Правда, к рассказу – трудно понять, для самообмана или для отвода потенциальных критических упреков в чрезмерном пессимизме, – приделан такой оптимистический как бы хвост: вечный двигатель Квасова не состоялся, но вокруг-то продолжается вечное движение! «От реки не исходил покой, она чуть шумела, плескалась в камнях, вздыхала в темноте у того берега… Всю ночь чего-то беспокоилась, бормотала сама с собой – и текла, текла. На середине, на быстрине, поблескивала ее текучая спина, а здесь, у берега, она все шевелила какие-то камешки, шарилась в кустах, иногда сердито шипела, а иногда вроде смеялась тихо – шепотом». Река течет, солнце встает, жизнь, тек-скеть, продолжается, и Моня начинает даже строить планы: «Надо жениться на какой-нибудь, думал Моня, нарожать детей – трех примерно и смотреть, как они развиваются. И обрести покой, ходить вот так вот – медленно, тяжело и смотреть на все спокойно, снисходительно, чуть насмешливо». Но ведь если герой обретет покой, встроившись в это вечное течение жизни, разве это не будет остановкой, гибелью, сдачей на милость тому самому трению? И разве вечный двигатель солнца, которому он умиляется в конце, заменит ему ту идею, над которой так добродушно посмеялся учитель? Это ранний Шукшин, времен «Любавиных», еще утешился бы этим круговращением жизни; а позднему – резкому, исхудавшему, постоянно раздраженному, озлобленному на всех, кроме ближайшего круга, – такой финал не мог не показаться компромиссом: «Солнце всходит и заходит, всходит и заходит – недосягаемое, неистощимое, вечное. А тут себе шуруют: кричат, спешат, трудятся, поливают капусту… Радости подсчитывают, удачи. Хэх!.. люди, милые люди… Здравствуйте!» Это подлинный голос упрямца Квасова? «Радости подсчитывают, удачи»… Что тут хорошего?

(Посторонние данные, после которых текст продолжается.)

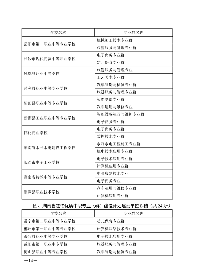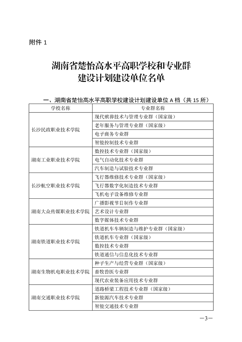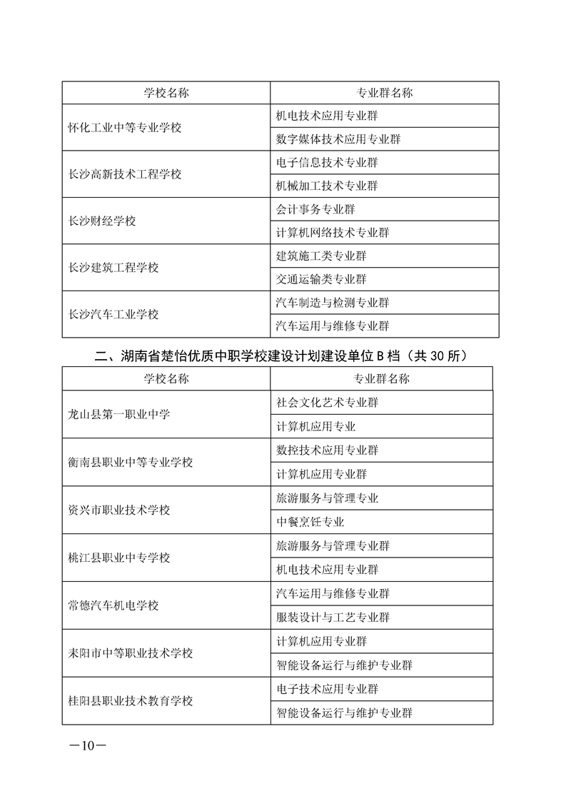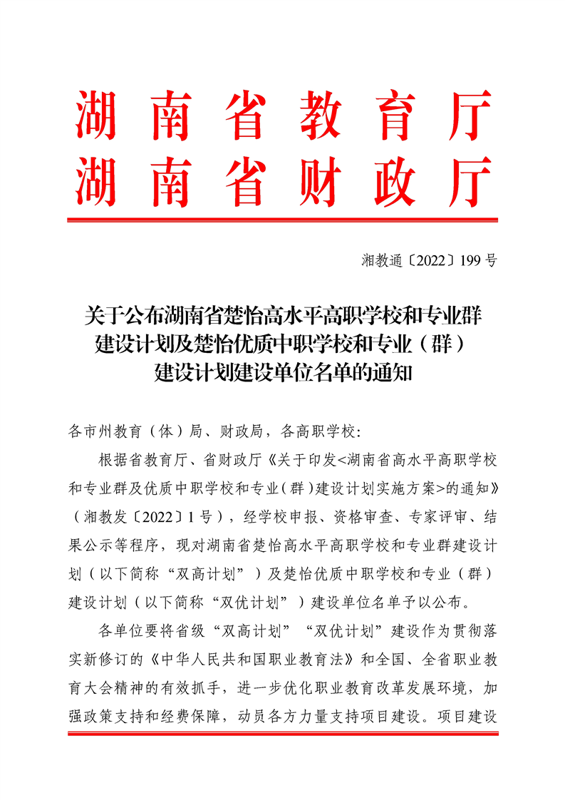 关于公布湖南省楚怡高水平高职学校和专业群建设计划及楚怡优质中职学校和专业(群)建设计划建设单位名单的通知

Двигатель русской жизни остановился. И то вечное движение – неосмысленное, машинальное, – которым окружена эта роковая неподвижность, лишь подчеркивает ее. Природа движется, а человек в ней застыл; и эта природная вечность – не утешение, а живой укор. Поистине романтик Аксенов верил в то, что русские колеса не остановились, шуршат приводные ремни, щелкает дощечка, отсчитывая годы; реалист Шукшин видел, что все ушло в трение, и единственное, что удалось Моне Квасову, – сломать велосипед. Это лучше, конечно, чем изобретать его, но тоже, если вдуматься, не шибко радостно.

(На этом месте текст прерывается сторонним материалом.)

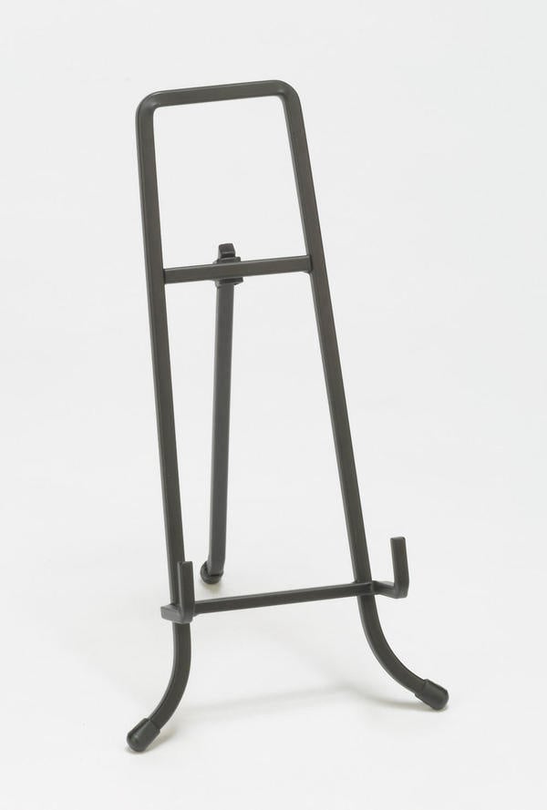 Display any item with the simple 9" Black Straight Edge Easel. Made of black square metal wires, its "A" shape makes it a sturdy piece.

Любопытно, что оба названия – прилагательные (хорошо, субстантивированные) и оба не слишком комплиментарны. Один – Дикой, нелюдимый, одинокий, безумный; другой – не «упрямый», а именно «упорный», что ассоциативно включает в себя и «упертый», и «упоротый». Но у Аксенова эта дикость спасительна – ибо сохраниться и реализоваться может только тот, кто не дает себя «сдвинуть»; упорство Мони Квасова не сулит ему ничего хорошего – жизнь, по Шукшину, всегда таких обламывает. Женится, успокоится, станет обычным тяжелым человеком без порыва, с насмешливым взглядом. И никакого уже тебе двигателя.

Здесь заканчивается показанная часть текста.